Heart failure is a familiar cardiovascular disease affecting about 5.1 million individuals in the United States. In this condition, the heart cannot pump enough blood to satisfy the needs of the body. Heart failure develops over time as the pumping activity of the heart grows feebler. The top reasons for heart failure are heart-damaging disorders, including high blood pressure and coronary heart disease.
“Corlanor is believed to work by reducing heart rate and signifies the first approved product in this drug category.”
Corlanor was reviewed under the FDA’s priority review system, which provides for an expedited review of drugs that are intended to take care of illness or a serious disease, and can provide an important advancement over available therapy. For products which have been designated as fast track, FDA may review parts of a marketing application on a rolling basis.
FDA Blind Test
The Approval of Corlanor by the FDA was based on the results of a randomized double-blind trial comparing the drug to a placebo. The security and effectiveness of Corlanor was examined in a clinical trial of 6,505 participants, and the results were astonishing. Corlanor reduced hospitalization for worsening heart failure in comparison to an inactive drug (placebo) by 35%.

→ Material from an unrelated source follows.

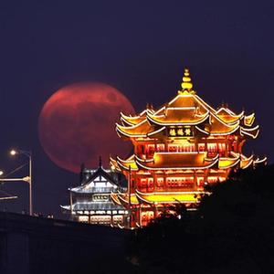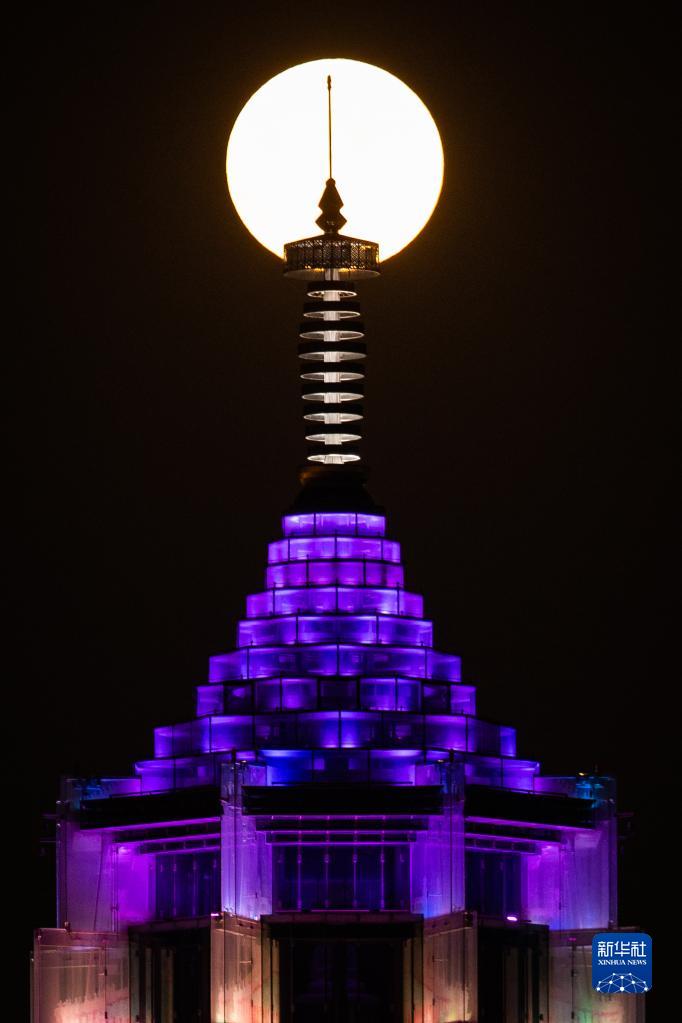 9月10日,圓月與江蘇南京大報恩塔相映成景。

Corlanor is taken twice daily with meals. The starting dosage is 5 mg 2x a day, or 2.5 mg 2x a day for painted who are at a greater risk for hemodynamic compromise or a history of conduction defects. As the patient’s body adjusts to the medication, a higher dosage may become necessary. Deepening on the heart rate, if that’s under 60 bpm, an increase in dose by 2.5 2x a day is needed upwards of a max of 7.5mg 2x day. 50-60 bpm the dose stays at the highest dose of 5mg 2x a day. Under 50 bmp or if symptoms of bradycardia are present, the dose must be decreased by 2.5 mg 2x a day is required. If current therapy dose is 2.5 mg 2x a day, then discontinuation is required.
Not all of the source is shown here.